Tekst ritmeester Jessica Bode
Foto Archief

Gezamenlijk aanschafproject met België

Nederland en België investeren de komende jaren gezamenlijk in 12 nieuwe mijnenbestrijdingsvaartuigen. In het kader van samenwerking krijgen de lidstaten er ieder 6 bij. En dat komt goed uit, want deze schepen worden regelmatig ingezet in binnen- en buitenland. Zo werd onlangs nog een zeemijn voor de kust van Zeeland geruimd.

De nieuwe schepen moeten de bemanning beter beschermen. Zo krijgen ze een uitgebreid pakket onbemande oppervlakte- en onderwatersystemen. Denk aan drones onder water, op het water en in de lucht, om de afstand tussen de bemanning en het projectiel zo groot mogelijk te maken. De marineschepen van 2.800 ton zijn verder erg stil, schokbestendig en zenden weinig elektromagnetische golven uit. Deze signalen kunnen mijnen laten afgaan.

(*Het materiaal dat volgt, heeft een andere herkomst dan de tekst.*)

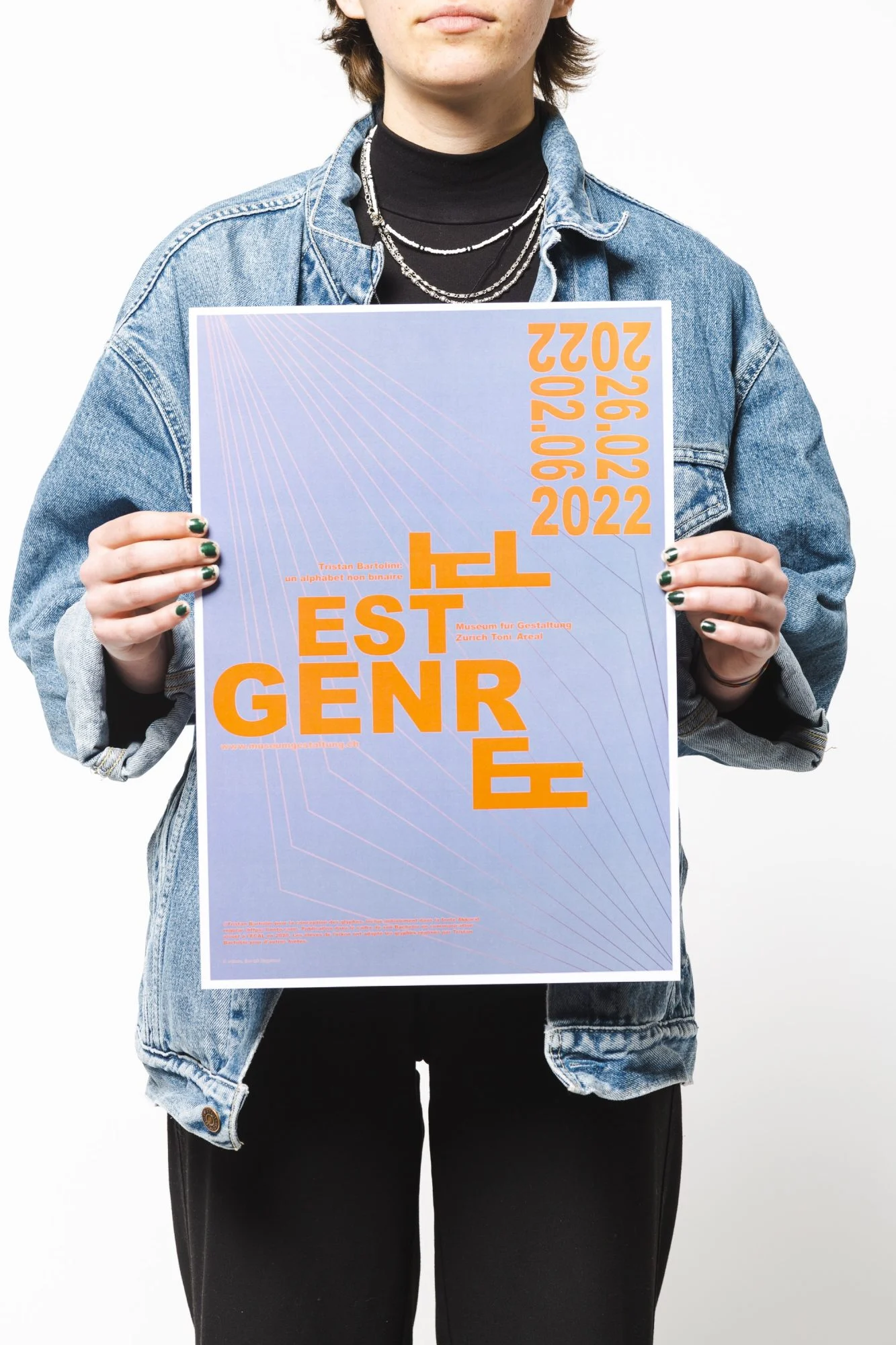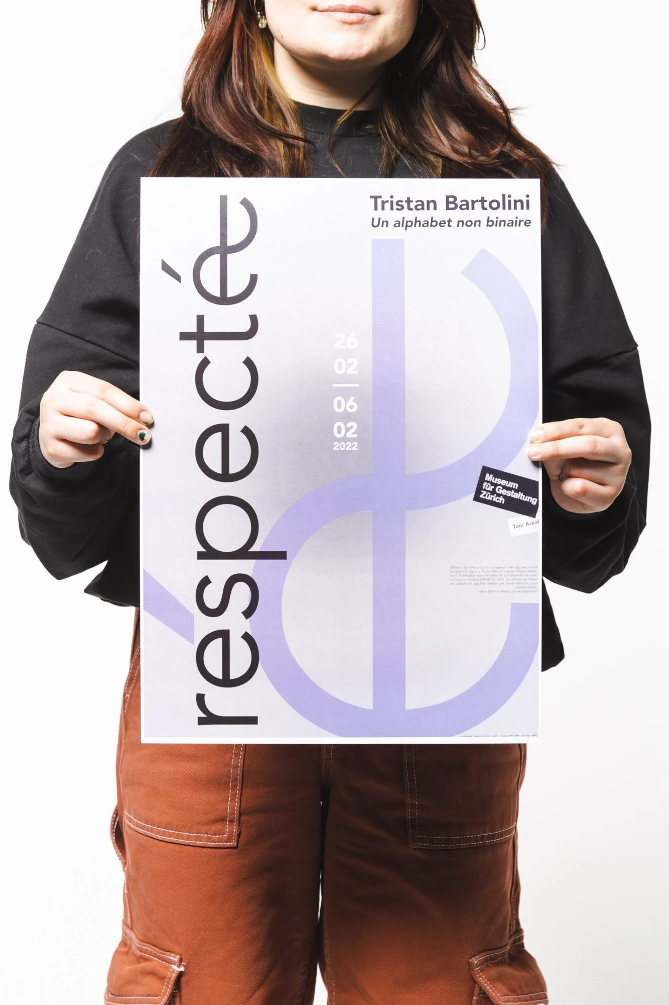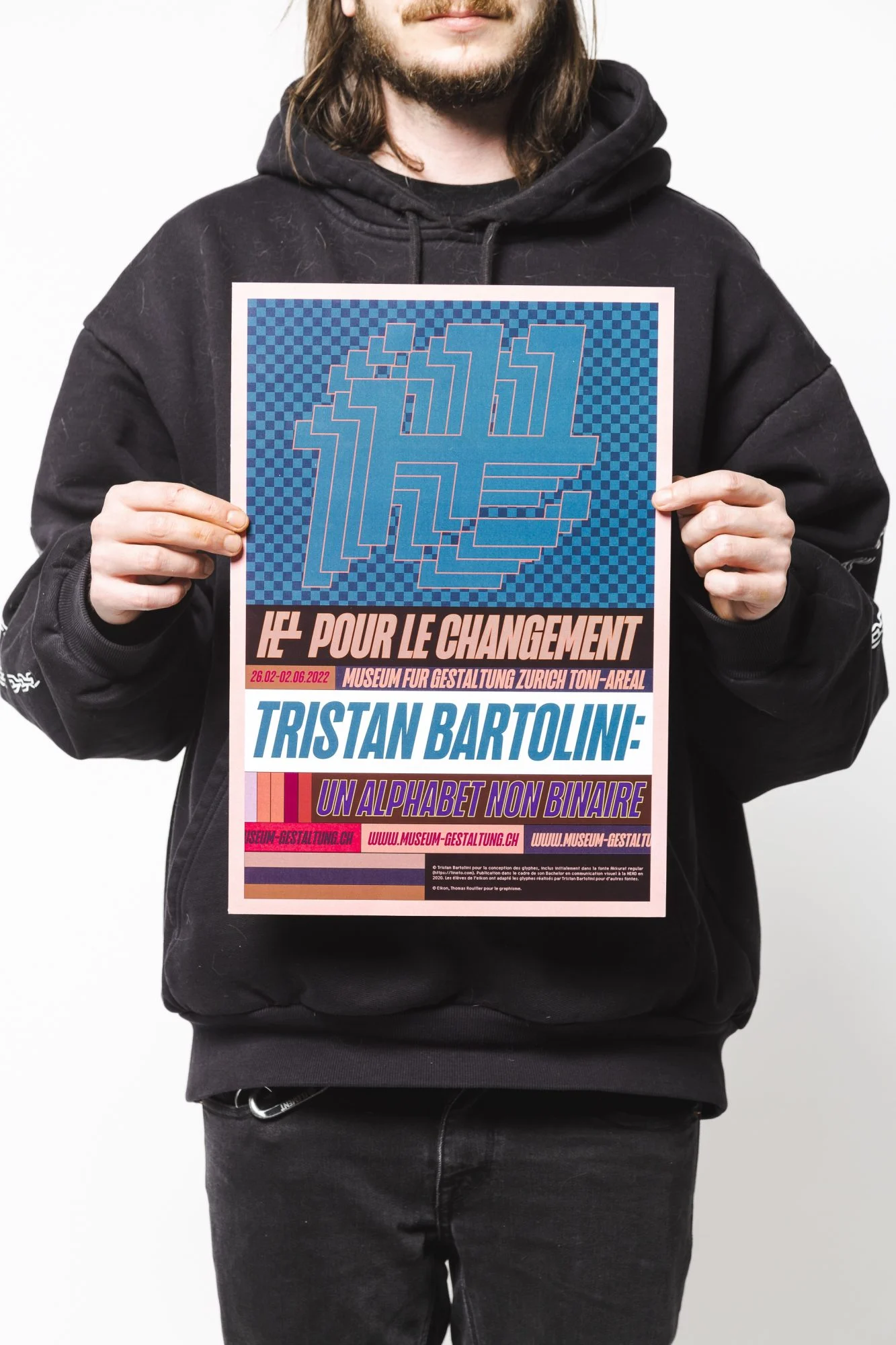 Conception, réalisation d’une affiche pour une exposition dans le cadre du Museum für Gestaltung de Zürich. Au sein de cette exposition thématique, toutes les affiches présentées sont réalisées sur la base des caractères épicènes de Tristan Bartolini, que l’affiche promeut.

Bemanning laat een SEAFOX in het water zakken om een mijn op te sporen en te identificeren. Het ‘unmanned underwater vehicle’ wordt vanuit de mijnenjachtcentrale bestuurd.

Ook M-fregatten

Naast de aanschaf van de mijnenbestrijdingsvaartuigen komen er ook gezamenlijke opleidingen, trainingen en operaties. Ook investeren de 2 buurlanden in 4 nieuwe, identieke M-fregatten, waarvan het onderhoud onderling wordt verdeeld. De landen werken overigens al jaren samen. Zo zijn de 6 huidige mijnenjagers ontworpen door Nederland, België en Frankrijk. De Fransen leverden de apparatuur, België het elektronische systeem en Nederland de voortstuwing. 

Zr. Ms. Makkum (M857)

Miljoenen mijnen

Wereldwijd liggen miljoenen mijnen in zeeën en kustgebieden. Alleen al in de Noordzee zijn er tijdens de Eerste en Tweede Wereldoorlog honderdduizenden gedropt. De bestrijdingsvaartuigen van de marine worden dan ook regelmatig ingezet om ze op te sporen. Zo voeren op 24 juni Zr. Ms. Makkum en Zr. Ms. Urk vanuit London richting Vlissingen, toen ze onderweg op zoek gingen naar een niet-geëxplodeerde vliegtuigbom uit de laatste wereldoorlog. Na de lokalisatie van het projectiel werd het object 4 kilometer verplaatst om vervolgens op een veilige locatie tot ontploffing te worden gebracht.